In October 2006, the top official for business in the Americas, whom the regulator did not name, warned in a “panicked message” that the Iranian dealings could cause “catastrophic reputational damage” and “serious criminal liability”.
A group executive director in London shot back, according to a New York branch officer: “Who are you to tell us, the rest of the world, that we’re not going to deal with Iranians.”
The reply showed “obvious contempt for US banking regulations”, the regulator said.
At that time the bank had five executive directors: Peter Sands, now chief executive; Richard Meddings, now finance director; Mervyn Davies, a UK Labour Party peer; Kai Nargolwala, who was poached by Credit Suisse and left the Swiss bank last year; and Mike DeNoma, who resigned as CEO of Chinatrust Financial in August.
Standard Chartered’s Americas CEO was Ray Ferguson, who is now its Singapore CEO.
None of the people could be reached for comment or else declined to comment.
Standard Chartered said the bank “does not believe the order issued by the DFS presents a full and accurate picture of the facts”.

The loss of a New York banking licence would be a devastating blow for a foreign bank, effectively cutting off direct access to the US bank market. Standard Chartered processes $190 billion every day for global clients, the New York bank regulator said.

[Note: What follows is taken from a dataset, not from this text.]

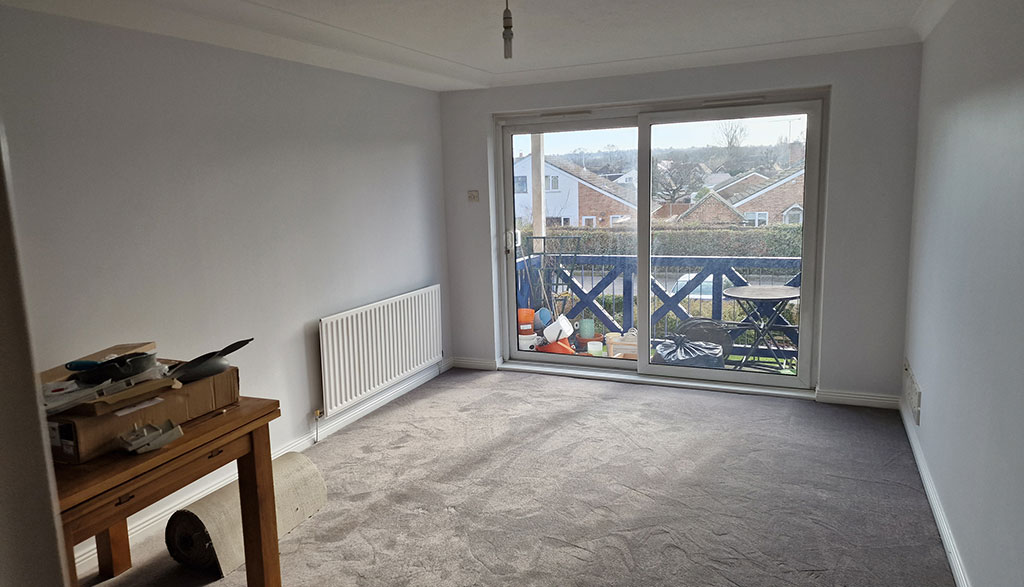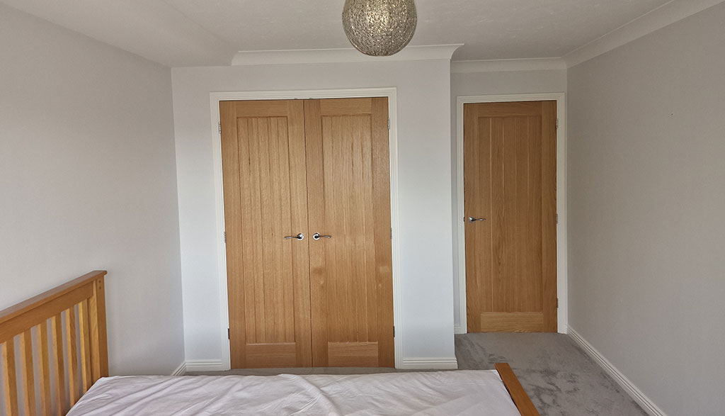 We sprang into action to address the flood damage caused by the flat above. Our comprehensive restoration project included renovating the lounge, bedroom, entrance, and the installation of a brand new kitchen. This involved replacing damaged chipboard subflooring, skillfully skimming walls, and installing new oak doors throughout. We also installed a new kitchen and upgraded the flooring, resulting in a complete transformation of the space. The entire area was expertly decorated to achieve a fresh, revitalised look.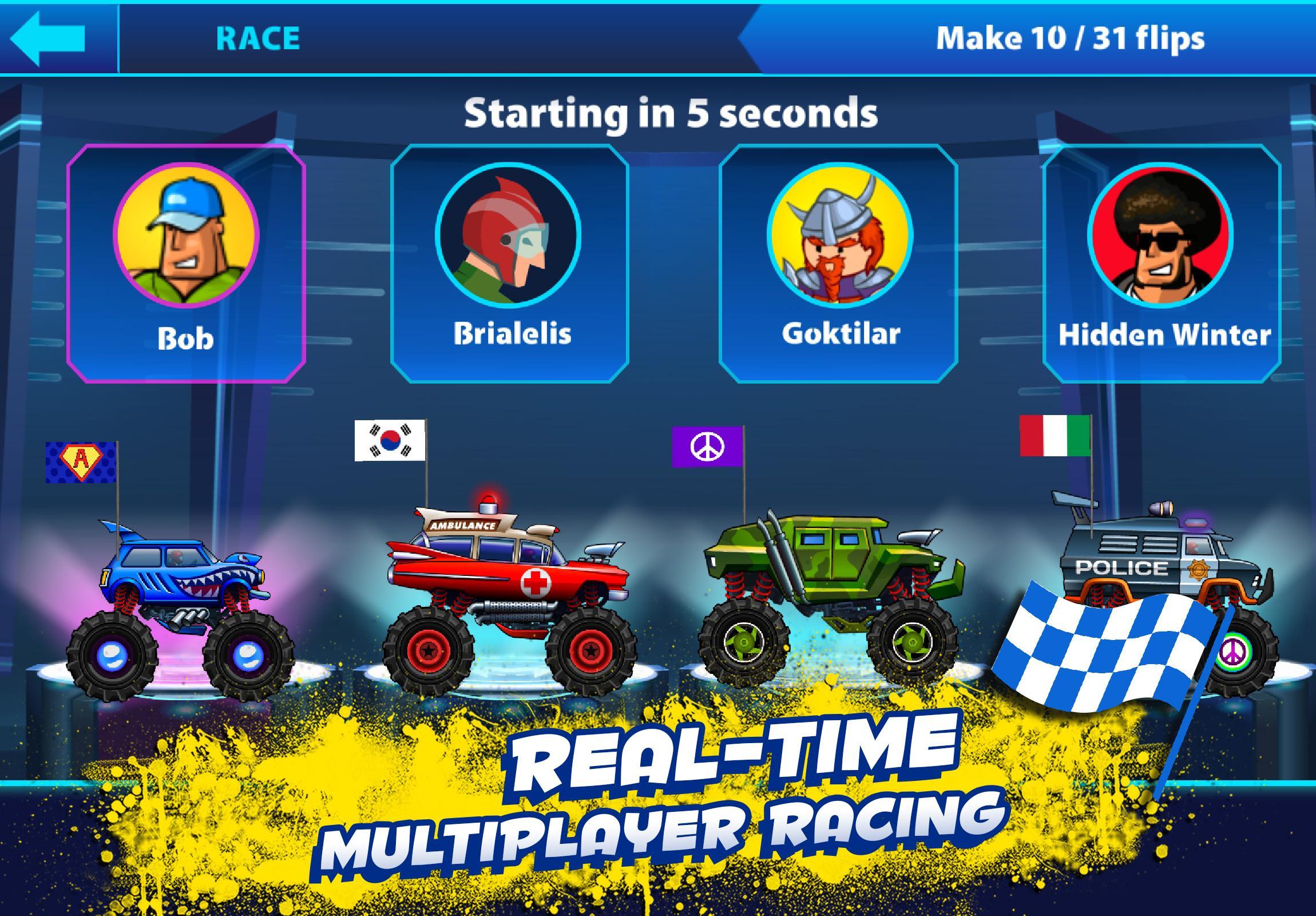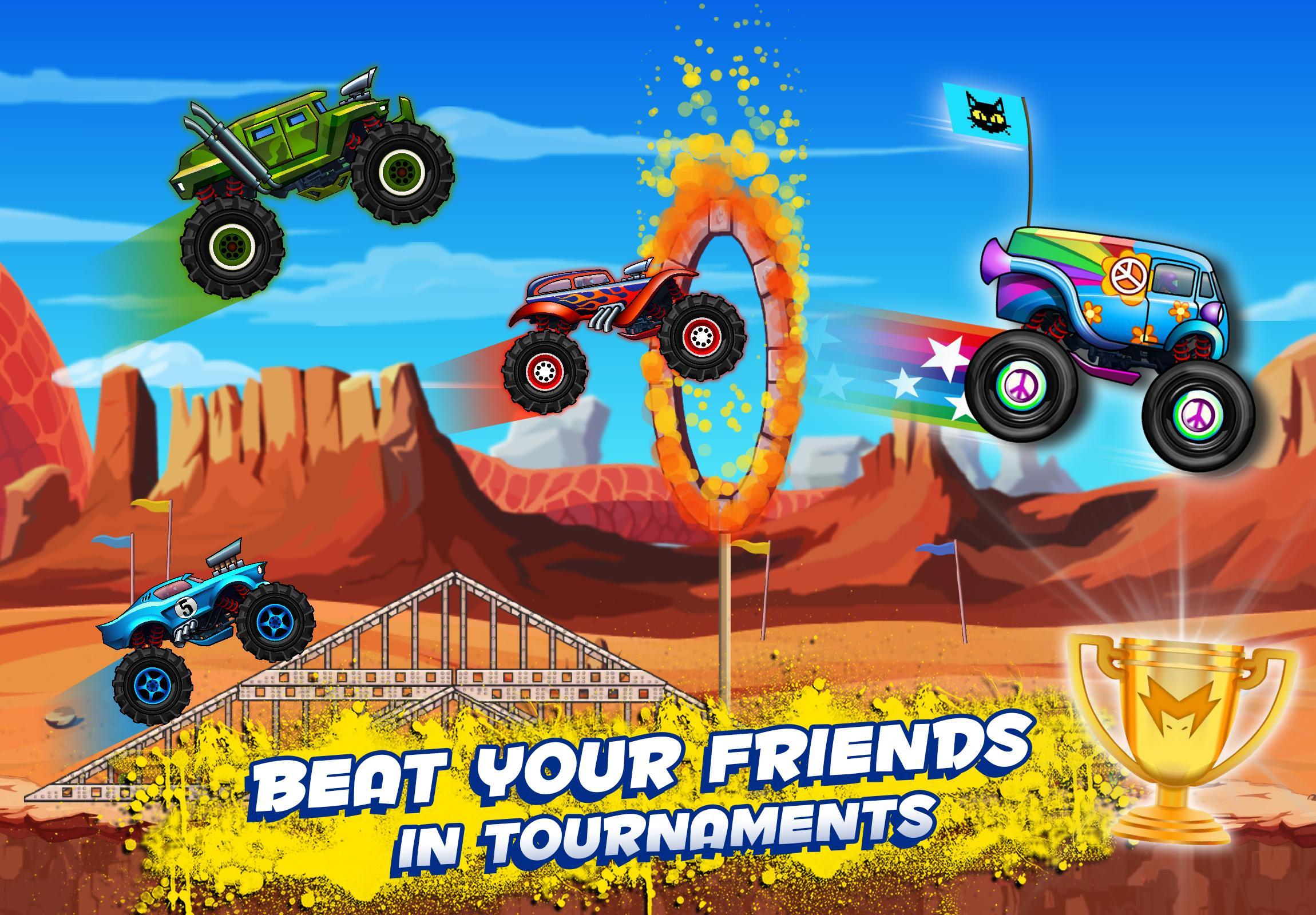 - Race monster trucks, big rigs, souped-up vans or other mighty vehicles

David Proctor, who worked for Standard Chartered from 1999 until 2006 and was CEO in UAE from March to June 2006 and had the Iran business briefly report to him, said the rules on dealing with Iran were unclear.
“At the time (in May 2006), many international banks active in Iran were trying to adjust to increased attention from the US There was a lack of clarity over what was and wasn’t allowed. The key question was to try and understand exactly what counted as a U-turn transaction,” he said.
The United States imposed economic sanctions on Iran in 1979, but until November 2008 US banks could process some transactions for Iranian banks or individuals provided they were initiated offshore by non-Iranian foreign banks and are on the way to other non-Iranian foreign banks, known as “U-turns”.
Proctor, who now provides advice for banks with BAS Consulting in Singapore, added: “I don’t think it’s a matter of fighting this case; Standard Chartered just has to get to the bottom of what happened. Banks these days don’t have a choice. You have to be transparent.”

Standard Chartered is the third British bank to be ensnared in US law enforcement probes this summer. Barclays Plc agreed to pay $453 million to settle US and UK probes that it rigged a global lending benchmark in June.
A month later, a US Senate panel issued a scathing report that criticised HSBC Holding Plc’s efforts to police suspect transactions, including Mexican drug traffickers.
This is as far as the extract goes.